AIM OF THE EXERCISE:
Among the entries below, one stretch runs from the line that contains "山崎実業 tower 洗面台横隙間トレー" through the line that contains "अंबिकापुर का हर". Repeat that stretch exactly, ends included, and only that.

STUDY MATERIAL:
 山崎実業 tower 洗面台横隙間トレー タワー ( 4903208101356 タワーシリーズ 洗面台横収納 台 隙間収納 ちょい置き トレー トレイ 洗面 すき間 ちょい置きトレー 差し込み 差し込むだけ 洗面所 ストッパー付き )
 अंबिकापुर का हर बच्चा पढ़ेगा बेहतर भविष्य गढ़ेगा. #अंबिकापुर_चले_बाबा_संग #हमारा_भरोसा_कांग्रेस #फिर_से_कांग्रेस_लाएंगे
==
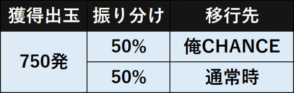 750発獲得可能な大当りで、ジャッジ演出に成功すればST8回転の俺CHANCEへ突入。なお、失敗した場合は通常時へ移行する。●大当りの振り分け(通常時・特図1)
==
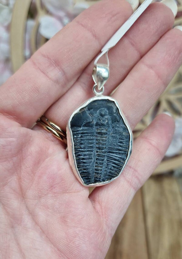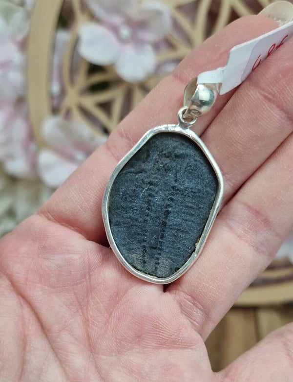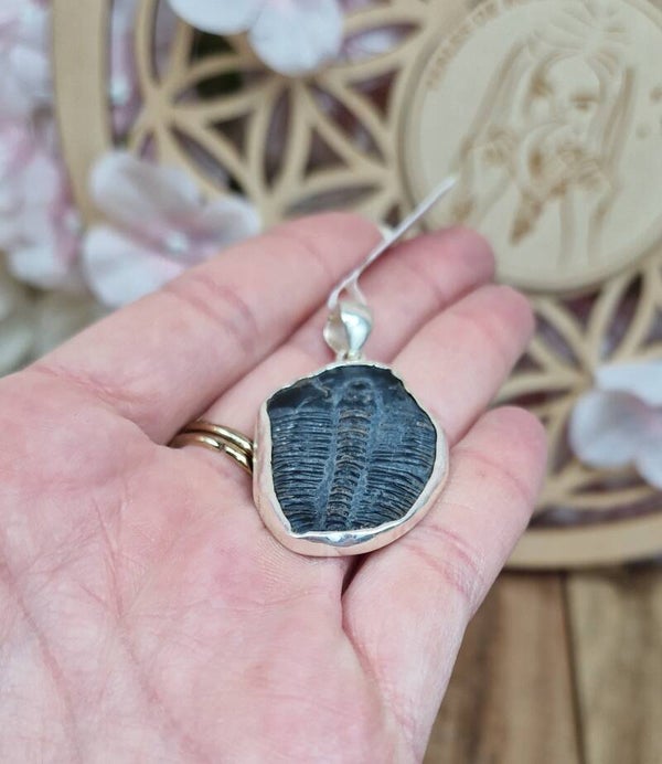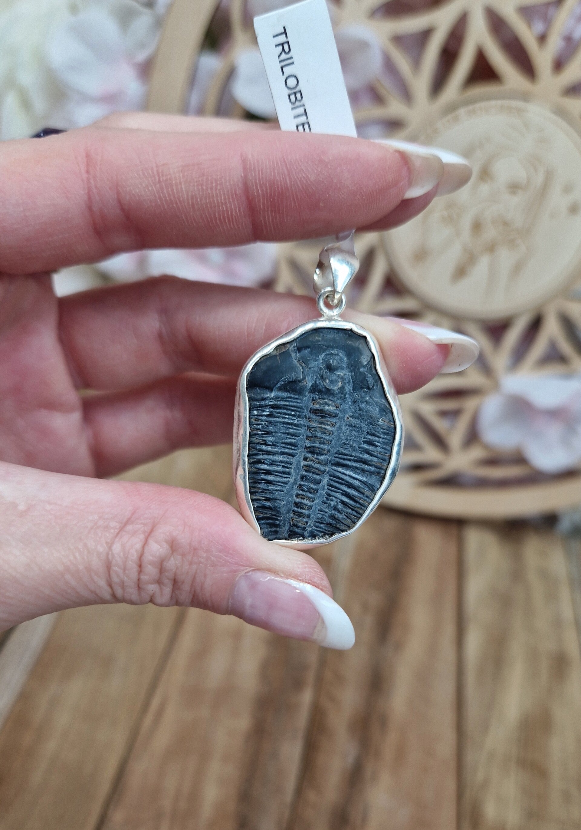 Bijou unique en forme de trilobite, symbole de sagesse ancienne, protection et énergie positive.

RESPONSE:
 山崎実業 tower 洗面台横隙間トレー タワー ( 4903208101356 タワーシリーズ 洗面台横収納 台 隙間収納 ちょい置き トレー トレイ 洗面 すき間 ちょい置きトレー 差し込み 差し込むだけ 洗面所 ストッパー付き )
 अंबिकापुर का हर बच्चा पढ़ेगा बेहतर भविष्य गढ़ेगा. #अंबिकापुर_चले_बाबा_संग #हमारा_भरोसा_कांग्रेस #फिर_से_कांग्रेस_लाएंगे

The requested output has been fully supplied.